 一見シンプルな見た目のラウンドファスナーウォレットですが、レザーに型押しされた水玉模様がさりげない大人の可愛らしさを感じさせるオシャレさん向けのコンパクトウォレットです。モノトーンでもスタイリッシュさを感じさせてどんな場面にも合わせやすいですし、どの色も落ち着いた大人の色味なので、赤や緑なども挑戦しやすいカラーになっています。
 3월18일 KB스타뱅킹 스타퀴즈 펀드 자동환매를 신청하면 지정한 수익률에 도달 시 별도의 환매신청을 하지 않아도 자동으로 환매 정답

--

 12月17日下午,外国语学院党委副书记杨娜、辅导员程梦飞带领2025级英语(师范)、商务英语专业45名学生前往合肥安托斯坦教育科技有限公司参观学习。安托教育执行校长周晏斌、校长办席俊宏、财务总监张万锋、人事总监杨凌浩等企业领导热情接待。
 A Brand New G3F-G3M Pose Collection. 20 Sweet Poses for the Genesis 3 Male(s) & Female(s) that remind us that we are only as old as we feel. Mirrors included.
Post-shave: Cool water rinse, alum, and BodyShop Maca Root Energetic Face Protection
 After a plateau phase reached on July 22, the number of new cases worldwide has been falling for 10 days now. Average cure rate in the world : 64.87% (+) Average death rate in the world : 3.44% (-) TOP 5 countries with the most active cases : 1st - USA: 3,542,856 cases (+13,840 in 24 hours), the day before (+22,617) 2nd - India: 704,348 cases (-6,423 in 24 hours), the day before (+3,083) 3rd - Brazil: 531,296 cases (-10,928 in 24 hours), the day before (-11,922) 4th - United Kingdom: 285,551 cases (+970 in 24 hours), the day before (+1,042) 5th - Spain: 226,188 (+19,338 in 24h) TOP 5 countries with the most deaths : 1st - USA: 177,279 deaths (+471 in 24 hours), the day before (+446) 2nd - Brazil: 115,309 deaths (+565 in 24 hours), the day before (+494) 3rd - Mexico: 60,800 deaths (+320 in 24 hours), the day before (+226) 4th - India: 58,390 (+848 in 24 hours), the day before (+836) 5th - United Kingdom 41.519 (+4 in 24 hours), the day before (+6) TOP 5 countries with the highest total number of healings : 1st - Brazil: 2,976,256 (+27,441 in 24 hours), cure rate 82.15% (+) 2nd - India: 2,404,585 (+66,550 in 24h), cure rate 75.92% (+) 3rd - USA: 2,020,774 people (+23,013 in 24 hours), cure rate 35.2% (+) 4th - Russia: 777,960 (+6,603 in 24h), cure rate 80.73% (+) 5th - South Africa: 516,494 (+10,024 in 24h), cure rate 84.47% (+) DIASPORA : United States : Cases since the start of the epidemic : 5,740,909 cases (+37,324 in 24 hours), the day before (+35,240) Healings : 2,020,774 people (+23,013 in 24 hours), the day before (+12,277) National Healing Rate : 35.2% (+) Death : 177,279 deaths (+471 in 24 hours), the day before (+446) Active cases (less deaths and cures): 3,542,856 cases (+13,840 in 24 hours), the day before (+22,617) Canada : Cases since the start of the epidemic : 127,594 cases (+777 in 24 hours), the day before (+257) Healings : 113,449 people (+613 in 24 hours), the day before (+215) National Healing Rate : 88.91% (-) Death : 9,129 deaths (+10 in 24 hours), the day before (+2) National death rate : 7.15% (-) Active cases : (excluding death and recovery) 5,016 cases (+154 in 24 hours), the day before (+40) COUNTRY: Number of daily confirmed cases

# Exercise details:
Please give back exactly the lines of the listing above that run from the one containing "一見シンプルな見た目のラウン" through the one containing "3월18일 KB스타뱅킹 스타퀴즈", and only those.

# Finished task:
 一見シンプルな見た目のラウンドファスナーウォレットですが、レザーに型押しされた水玉模様がさりげない大人の可愛らしさを感じさせるオシャレさん向けのコンパクトウォレットです。モノトーンでもスタイリッシュさを感じさせてどんな場面にも合わせやすいですし、どの色も落ち着いた大人の色味なので、赤や緑なども挑戦しやすいカラーになっています。
 3월18일 KB스타뱅킹 스타퀴즈 펀드 자동환매를 신청하면 지정한 수익률에 도달 시 별도의 환매신청을 하지 않아도 자동으로 환매 정답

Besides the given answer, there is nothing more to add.